# London girl looking to meet new friends



## London_may (Jun 18, 2013)

Hi everyone

I'm a 29 year old British born Chinese londoner that has just moved to hong kong

I would like to meet some new people to go for drinks, lunch, coffee ( anything really!!)

I'm currently not working so I have ample free time 

If anyone is interested in befriending a newbie then please let me know

Thanks

May


----------



## KevT (Jul 14, 2013)

*H!*

Hi! I'm 35 male from Australia, speaks Cantonese and English. I work in the evenings, so if you're interested for lunch or coffee, let me know.

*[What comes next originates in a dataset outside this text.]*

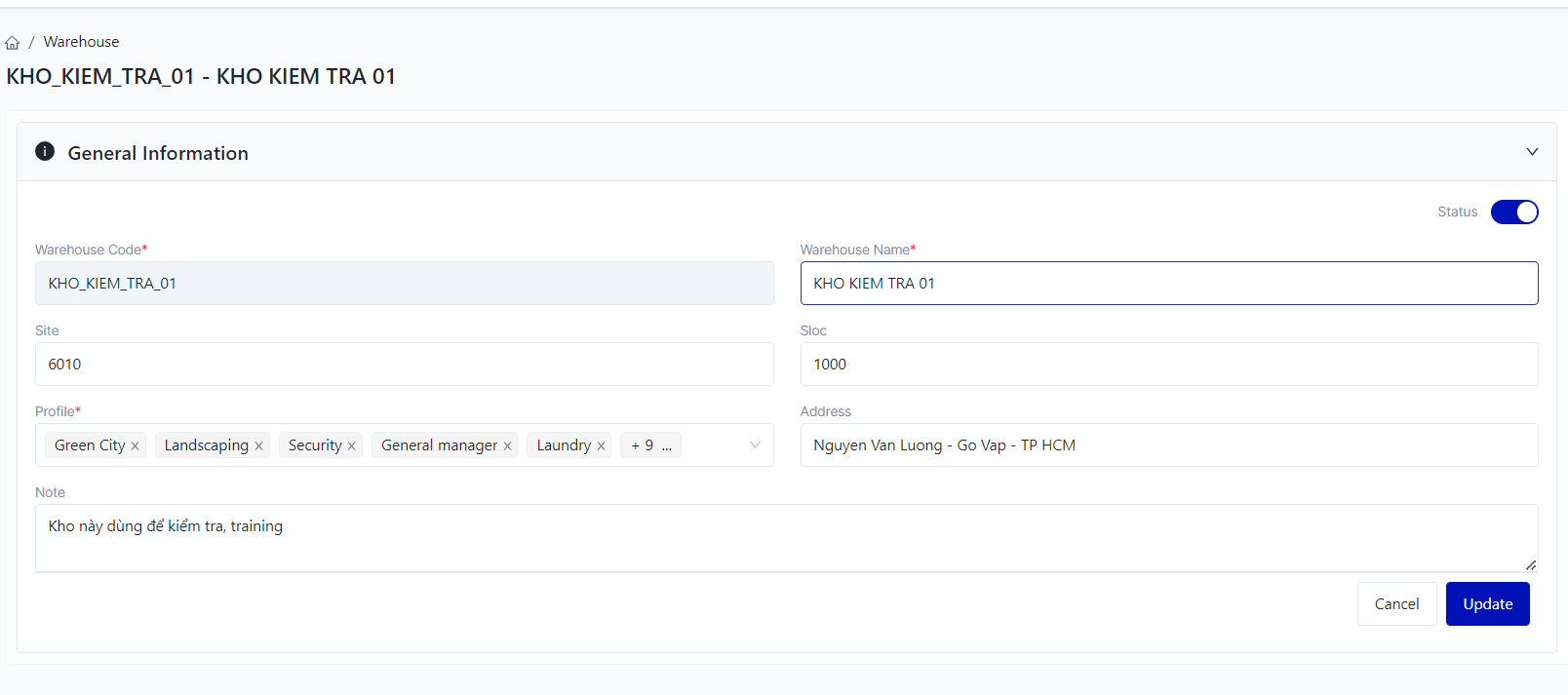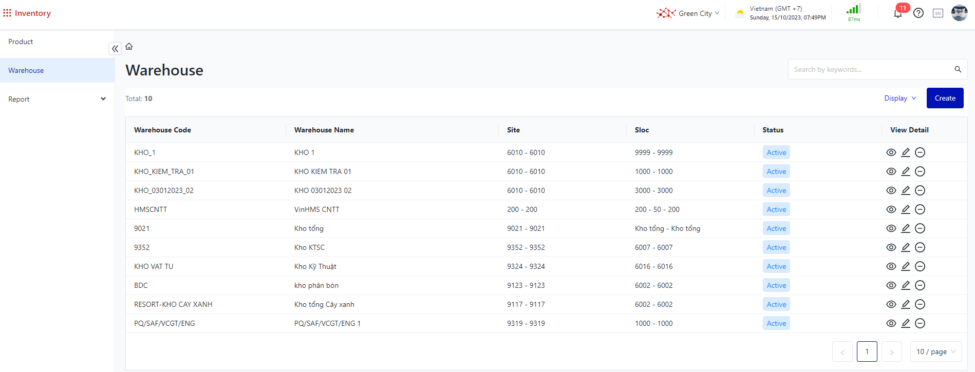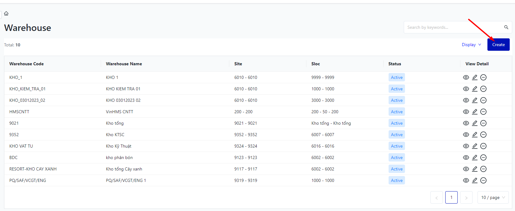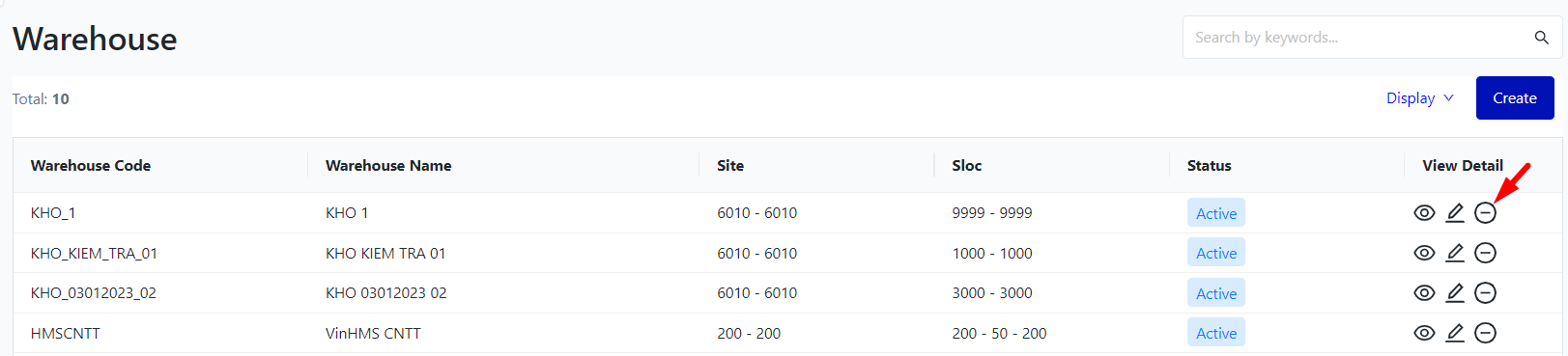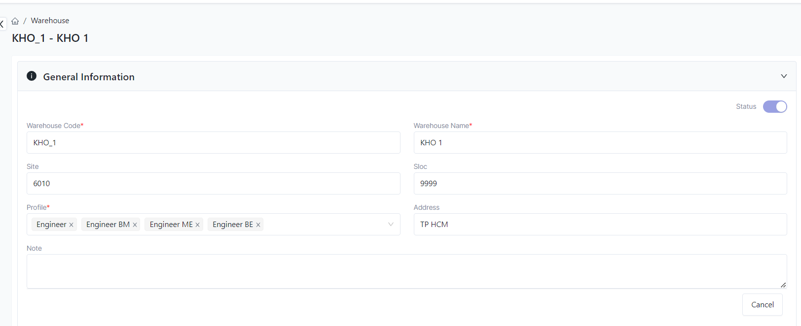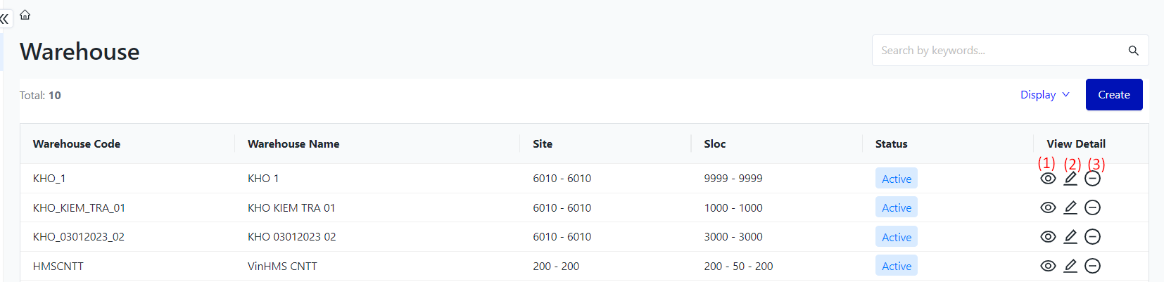 (1) View detailed information of the warehouse: ![]() (2) Edit the information of an inventory warehouse, such as the warehouse name, site, sloc, department, and address ![]()

Cheers!


----------



## London_may (Jun 18, 2013)

Hi Kev

Thanks for the reply. I've actually just started a new job so can't meet during the day unless it's a weekend. 

I'm always up for meeting new people, so happy to grab a coffee, next weekend perhaps.


----------



## Simo10 (Jul 14, 2013)

*Hi!*

Hi May,

I just got to HK a couple of days ago and will be staying here for 3 months, and I am also looking to make some friends here! I am 29 male, from Italy, and I've been living for the past 5 years in US (lately New York). I work during the day, but free after work or weekends!
Let me know if you want to meet up!

Talk to you soon!

Simone


----------



## KevT (Jul 14, 2013)

Hi May! Good to know you already got a new job. Congrats!

Next weekend sounds good, but there's a chance I might have to work. I'm going to PM my email address when I have 5 "good" posts. 

Keep in touch! : )


----------